Papers by Author: Fei Bin Hsiao

Abstract: Nano-imprinting Lithography (NIL) has been considered as the most promising technique for nano-scaled fabrication and patterning. Recently, a new approach known as Laser-Assisted Direct Imprinting(LADI) has been proposed and demonstrated as an even more efficient way for direct nanofabrication and nanopatterning. In this study, we focused on silicon materials and utilized a single KrF excimer laser pulse (248 nm wavelength and 30 ns pulse duration) as the heating source. Molds of micro-scaled size have been prepared using conventional photolithography techniques. A working platform based on an Excimer Laser Micro-Machining system is constructed for LADI process. The influence of laser fluence and the imprinted pressure on the resulting structures was verifying by varying the laser fluence (1.0 ~ 1.2 J/cm2) and the imprinted load (3 ~ 9kg). The results have shown that the morphology and the imprinted depth were directly related to the laser fluence and the imprinted pressure. Quantitative data are obtained and will be addressed.

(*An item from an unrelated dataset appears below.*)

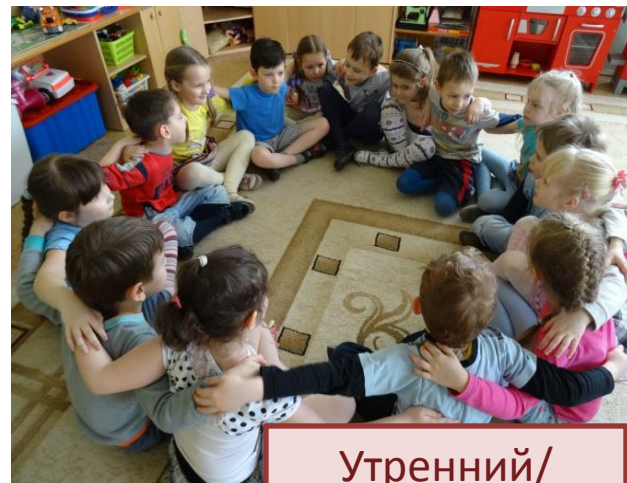
Утренний/ вечерний круг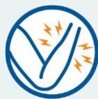
ကြွက်သားကိုက်ခဲခြင်း

Abstract: In this paper, we report a method for determining the residual thickness of resist layer during e-beam lithography processes. The method is based on the energy dispersive x-ray spectroscopic (EDS) measurements on a silicon substrate deposited with a PMMA layer. The PMMA layer acts as the resist layer in e-beam lithography. From a calibration test, an empirical relationship is established between the EDS signal, electron energy, and PMMA film thickness. Form this empirical relationship the residual PMMA layer thickness after e-beam exposure and developing can be determined within an accuracy of 83%, which is very important to the subsequent etching processes. An important feature of the proposed method is that its lateral resolution depends only on the focused e-beam spot size and can be in the order of nm. With such resolution, the thickness of the resist layer under few nm line width can be measured. The proposed method to estimate the residual resist layer thickness plays a vital role in nano-fabrication or nano-patterning based on e-beam lithography technology.